Ever heard of the term price elasticity? Unless you’ve been an economics student or specialise in retail pricing, the phrase might raise quite a few eyebrows. But it’s one of the most important phrases in the retail and merchandising world that is largely unknown.
Retailers, especially in post-holiday season, can end up with heaps of unsold, surplus stock. To move this stock, they may slash their prices – but knowing how much to reduce prices in order to move stock and protect margins, or how to best drive revenue if margins can’t be made, depends on setting the optimal price in line with demand.
Understanding price elasticity enables you to choose the price that is most likely to shift the amount of stock you have in the timeframe you need to do it in.

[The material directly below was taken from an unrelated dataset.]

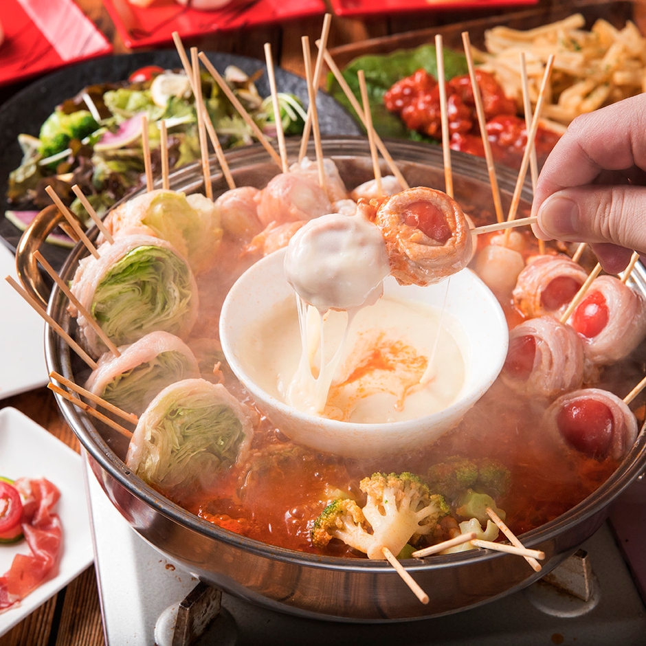 トマトベースのスープにたっぷりの肉巻き串を煮込み、北海道産牛乳で仕上げたチーズにドボンとつけて食べるチーズフォンデュ鍋。野菜やお肉のうまみが溶け出したスープとチーズの濃厚な味わいが絶妙にマッチしたチーズ鍋です。

Yet without the right insights, retailers could reduce prices too much and therefore miss out on profits, or not reduce them enough and end up with money going down the drain in housing stock or wasting it.
So, how does it work?
Getting to grips with price elasticity
Price elasticity is the relationship between how changing the price of a product will impact demand. How easily it changes demand equates to how elastic the product is. So, if it’s very elastic, you only need to drop the price slightly and the rate of sale will dramatically increase. If it’s not elastic, knocking a fiver off, for example, won’t impact the demand at all.
A retailer could end up with products that are really inelastic, such as holding a warehouse of leftover winter coats in February. They might need a 50, 60, 70 per cent discount to be moved on. But instead the retailer keeps the price too high or pays the costs of storing them until autumn (when they might be out of fashion anyway).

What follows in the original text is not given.